Before you begin creating database tables, you must know what to do when no value is specified for a column. To illustrate this point, imagine that you've been asked to fill out a Web form. If you leave a particular column blank, what is inserted into the database? As you can imagine, this problem could be cumbersome if you had to track no value markers. Fortunately, SQL defines a special value, NULL, to indicate that a column has no value.

CREATE TABLE

So far, you've learned how to design a table, including mapping out the table columns and defining the data type for each column. After you've properly designed a table, the method for creating a table in SQL is straightforward. Listing 1 shows the formal syntax for creating a table in Derby.

-- Comment describing the purpose and layout of the table 

CREATE TABLE tableName ( { <columnDefinition> | <tableLevelConstraint> } 
    [, { <columnDefinition> | <tableLevelConstraint> } ]* ) ;

You may feel bewildered after looking at this syntax for the first time. But it's easy to follow once you have the basics down. The square brackets ([ and ]) enclose optional parameters. As you can see from the formal syntax, any column definitions or table-level constraints after the required initial one (it wouldn't make sense to create a table with no columns!) are optional.

You probably understand what is meant by a column definition, but you might not understand the idea of a constraint. Constraints come in two types: table-level constraints and column constraints. A constraint limits either a column or a table in some manner. For example, you can use a constraint to require that a column always be assigned an actual value (no NULL values), or that every entry in a column must be unique, or that a column is automatically assigned a default value.

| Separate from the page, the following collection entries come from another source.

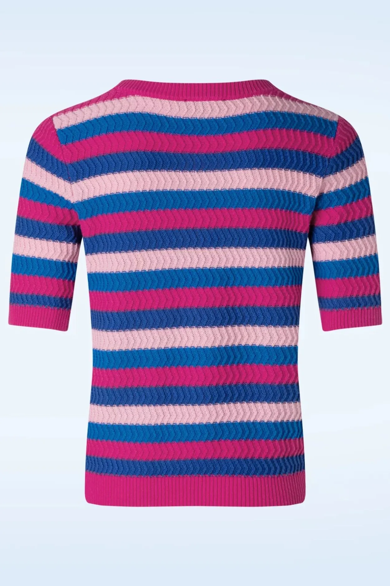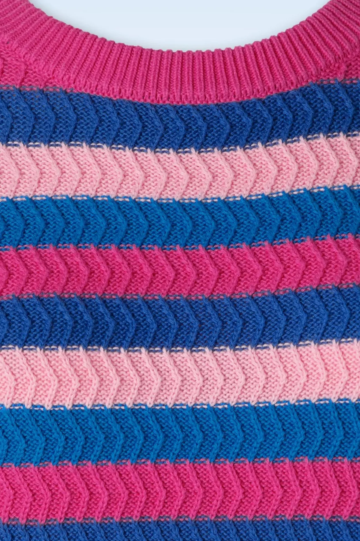 ”All We Knit Is Love!” Iris Is Uitgevoerd In Een Grof Gebreide En Stretchy, 100% Katoen En Voorzien Van Een Fantastische Kleurenmix Van Blauw En Roze.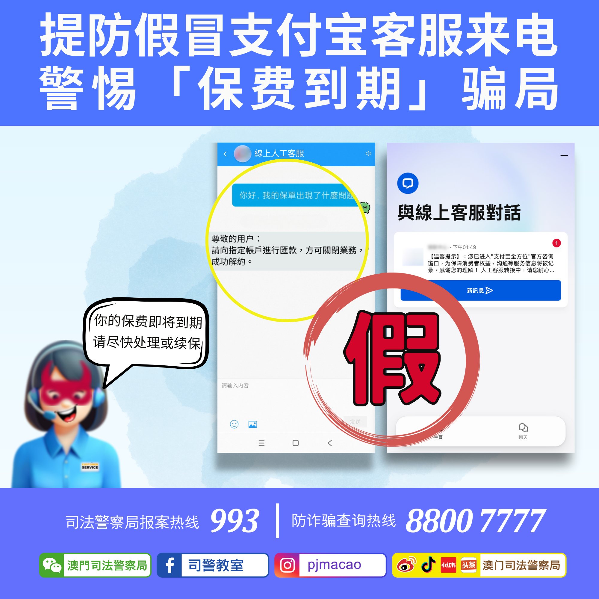 近日,司警局防诈骗查询热线接获多名市民通报,称收到冒充「支付宝客服人员」的来电。来电者以普通话表示,事主的帐户早前已开通并购买了「资金安全保险计划」,该保险计划即将到期,并将自动续保及从帐户中扣取大额保费。「客服人员」表示如需取消续保,事主必须按照指示登入一个所谓的金融机构网站,并与「线上人工客服」联络,并依指示进行转帐操作,方能解除上述保险计划。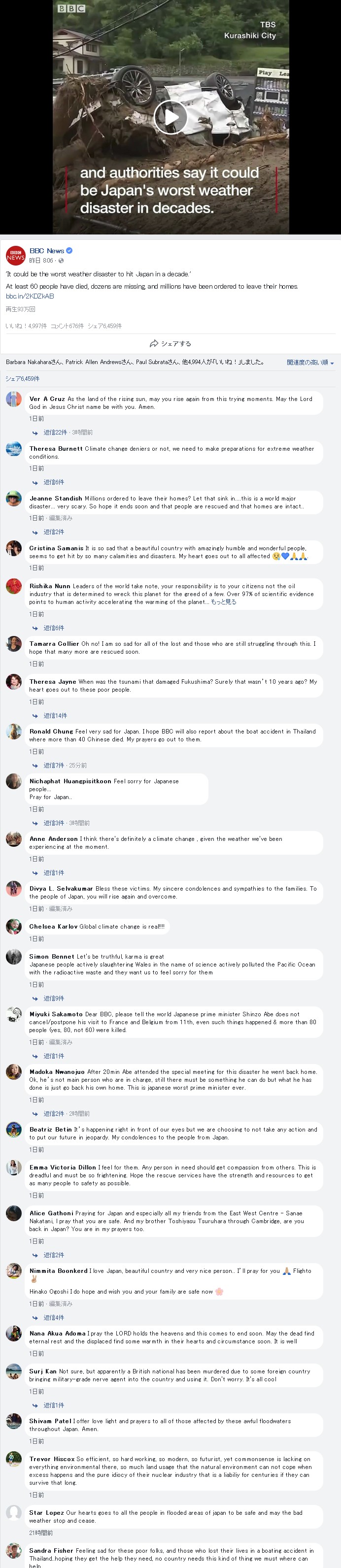 豪雨被害、世界中から悲しみと励ましの声が殺到
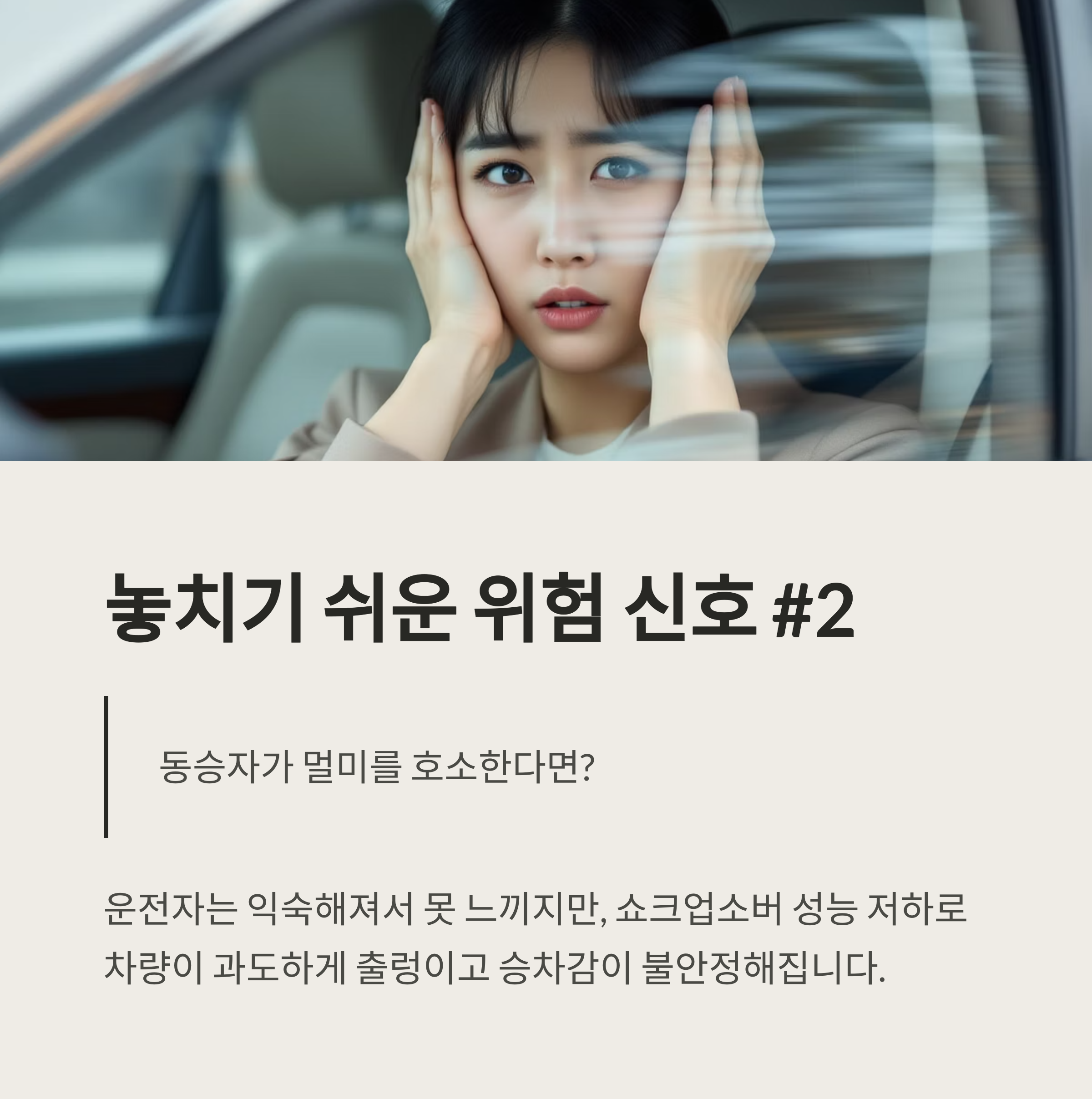 운전자 본인은 익숙해져서 잘 느끼지 못하지만, 동승자가 차량 승차감의 불안정으로 멀미를 호소한다면 서스펜션 불량을 의심해야 합니다.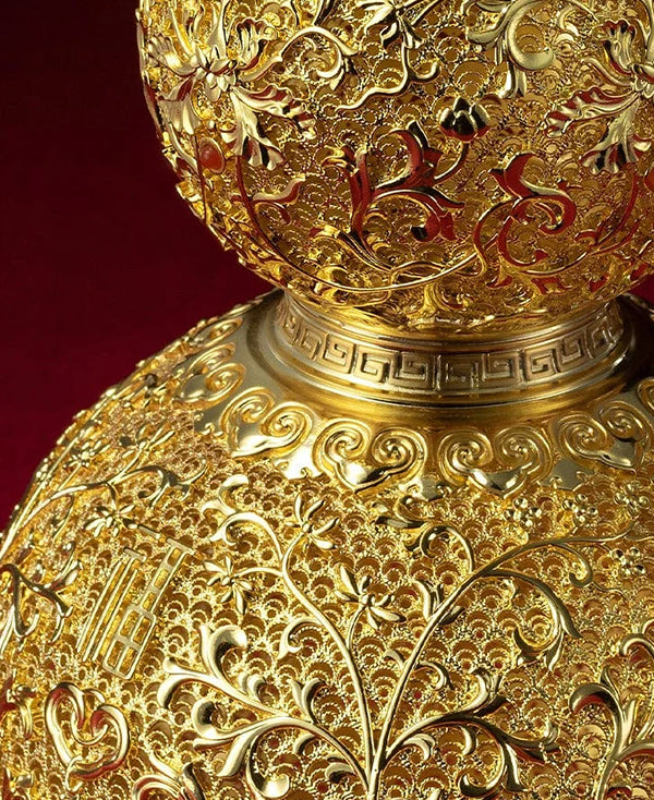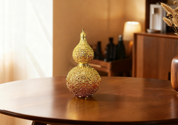 This gold-plated gourd stands out with its blend of age-old artisan filigree and modern sleekness.Contemporary look, it’s not just decor — it’s a distinctive focal point that brings artisan craft and elevated style to living rooms, studies, or offices, shaping the visual tone of any area.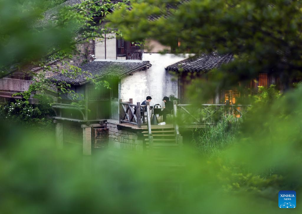 Tourists play a game of Go at the Puyuan Fashion Resort in Jiaxing of east China's Zhejiang Province, April 26, 2024. Paying tribute to the elegant aesthetics of the Song Dynasty (960-1279), the heyday of ancient Chinese art, while combing modern elements, the Puyuan Fashion Resort in Jiaxing of east China's Zhejiang Province offers an immersive cultural travel experience to visitors, ranging from Hanfu fashion shows to themed markets, concerts and sports games. (Xinhua/Lan Hongguang)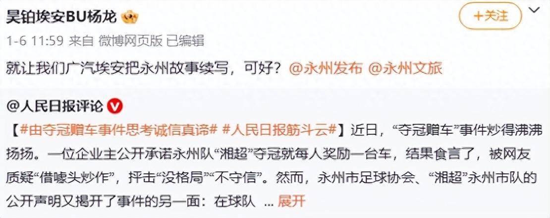 记者此前报说念,1月6日,广汽埃安首席用户官杨龙微博共享东说念主民日报评述《由“夺冠赠车”事件念念考诚信真义》并发文:就让咱们广汽埃安把永州故事续写,可好?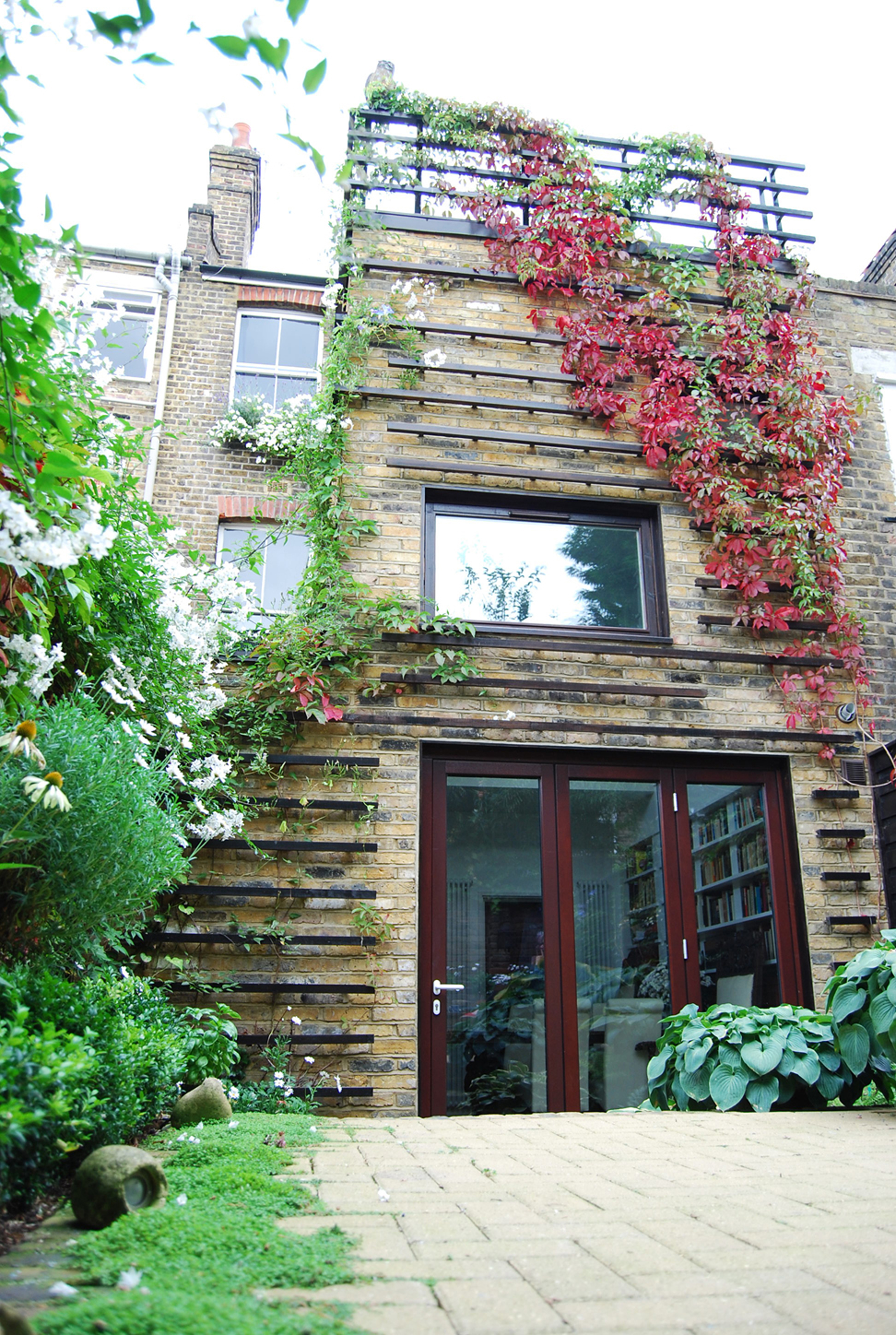 Bookcases furnish the garden room, which looks out onto a garden that is now on two levels, greatly increasing the density of planting that one sees from inside. In addition, the building itself has been turned into a ‘vertical garden’, with strongly articulated horizontal trellis bars up which climbing plants will scramble.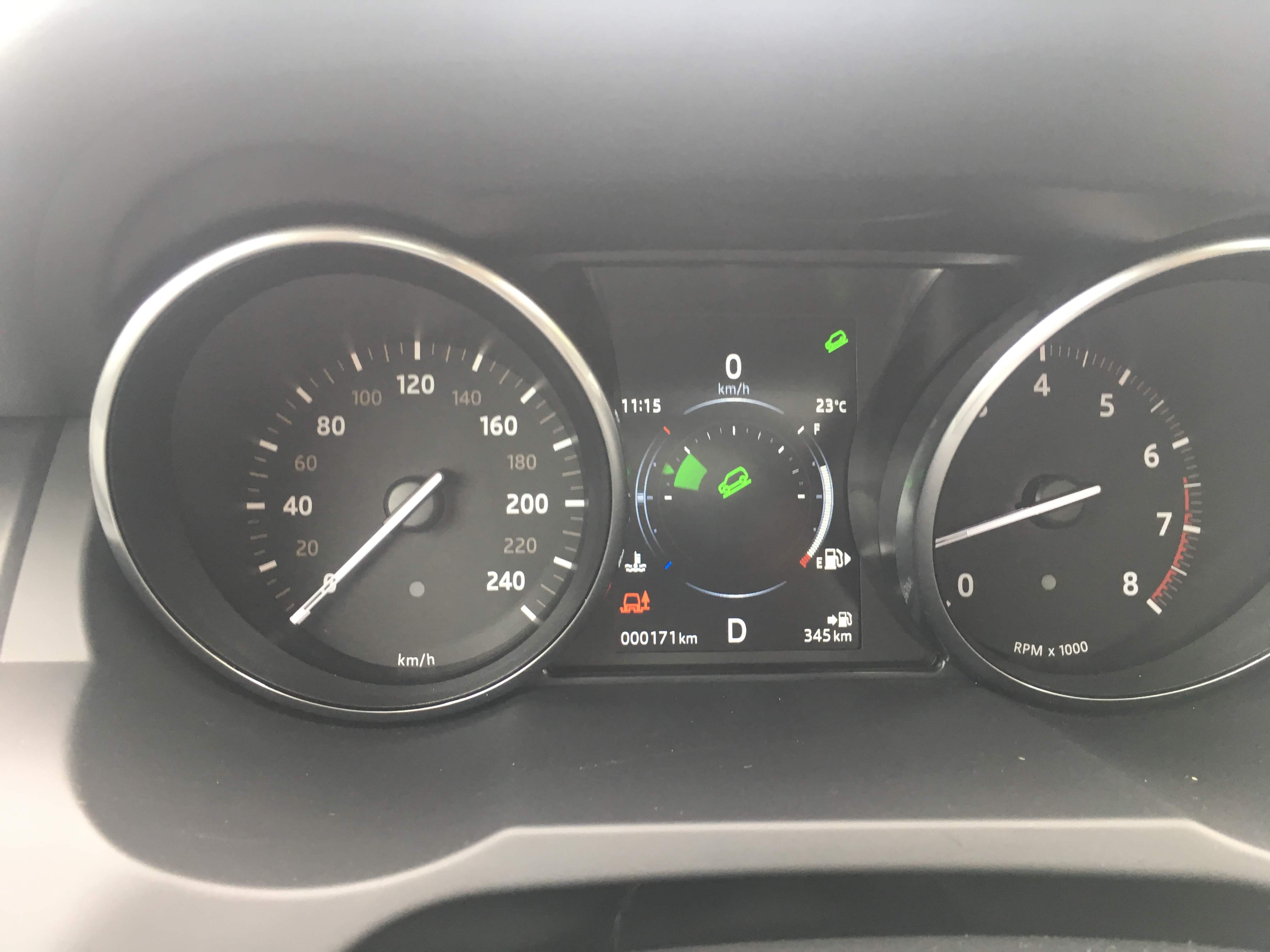 The interior of the Range Rover Evoque has an interesting setup. You have your standard driver dashboard with a LCD screen in between the instruments. The screen displays your fuel and oil gauge as well as the mode that the car is in. If you switch from regular to off-road, the screen gives an indication for the switch.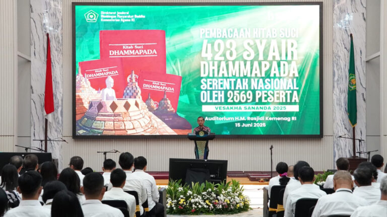 Kilasinformasi.com, Jakarta — Sebanyak 2.569 umat Buddha dari 34 provinsi di Indonesia mengikuti pembacaan Kitab Suci Dhammapada secara serentak pada Minggu (15/6/2025). Acara monumental yang digelar oleh Direktorat Jenderal Bimbingan Masyarakat Buddha Kementerian Agama ini berhasil mencatatkan rekor MURI sebagai pembacaan Dhammapada dengan peserta terbanyak di Indonesia.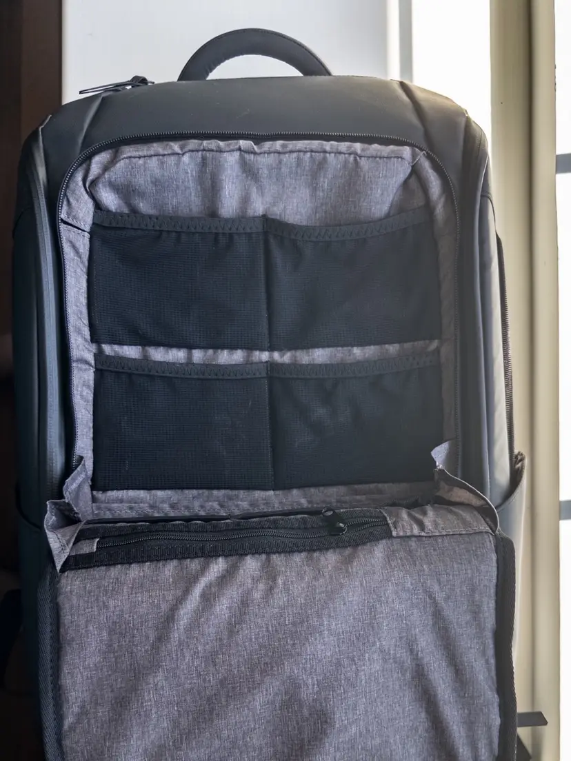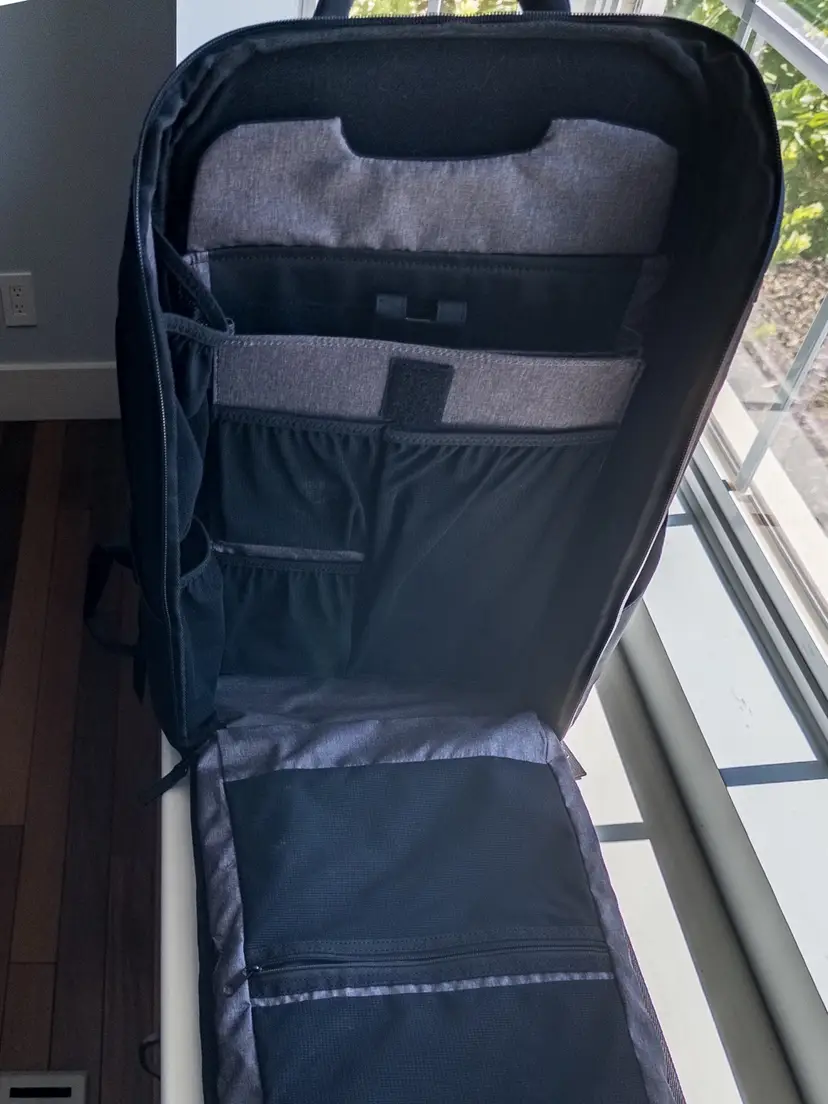 This was my travel bag for two years. Probably 20 trips total. There are light scuffs on the exterior and some stretch marks on a few internal elastic mesh pockets from velcro straps. I tried to capture picks. Includes original sternum strap, key leash, and sunglasses case. Retailed at $269.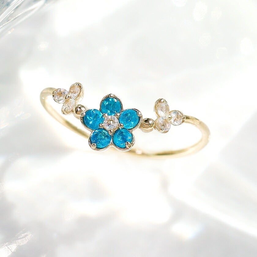 「ネモフィラ」アパタイト×ブルームーンストーン×イエローゴールドリング・モモリア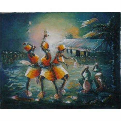 This painting exhibits the Ijaw/Itsekiri dancers that gained prominence among the Bini people of Edo State in Nigeria.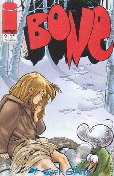 Fone Bone (now donning boots, a blanket cape, and a paper bag hat) is in the process of working on his house when Miz Possum comes by with her three sons to give Fone Bone some more supplies. Miz Possum leaves her sons in the care of Fone Bone for a short while. The kids get away from him while playing, and he chases after them to find they have been caught by the two rat creatures from earlier. Fone saves the kids and tells them to run away while he leads that rat creatures off of their trail. The rat creatures chase Fone Bone for a while, and the chase ends with the Great Red Dragon scaring them away. Afterwards, Fone Bone tries to tell Miz Possum about the dragon, and she refuses to believe him. Making his way to the hot spring to clean up, Fone runs into a beautiful woman removing her trousers to collect some water from the spring. Fone is immediately smitten. She reveals her name to be Thorn, the person whom Ted told him to seek, and Fone goes off with her to her home.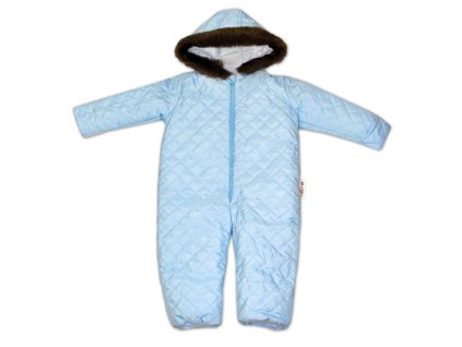 Kombinéza s kapucí a kožíškem Baby Nellys ®prošívaná, bez šlapek - sv. modrá
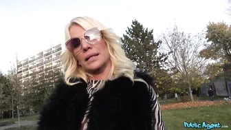 Description: I had just come from a winning streak at the casino and feeling like Lady Luck was on my side when I saw hot blonde MILF Tiffany Rousso. I walked up and asked her what she did for a living and she told me she was a married hairdresser. I figured she might want to earn some money and I was feeling generous so I thought I could spend some of my casino winnings on her if she would flash me her perky tits! Tiffany liked money so we headed to a private location and she flashed me her boobs then her bum too. For more money Tiffany sucked my cock then took my dick in her pussy until I came on her face!

The asterisk (*) after the last closing square bracket indicates that more than one of the enclosing items can be included. This implies that the table must have one or more columns or table-level constraints. The vertical line (|) indicates an either/or condition. In this syntax example, you must either define a new column or define a new table-level constraint. The curly brackets ({ and }) group related items together, and the parentheses (( and )) are required elements. Finally, the semicolon (;) indicates the end of a SQL statement.

SQLite Schema Creation

In the following code block, we create our schema for Bigdog's Surf Shop, which includes two new tables: myProducts and myVendors. The myProducts table has four columns: itemNumber, price, stockDate, and description. The itemNumber column provides a unique identity for each item (or row) and has an attached column-level constraint that enforces a valid value to always be supplied (NOT NULL). Without this requirement, the itemNumber column isn't guaranteed to be unique because multiple columns could be assigned a NULL value. The price column is created as a REAL data type. The last two columns are simple: The stockDate column is stored as a TEXT (we can use application logic to transform the date/time information into and out of the appropriate YYYY-MM-DD format), and description is also stored in a TEXT field.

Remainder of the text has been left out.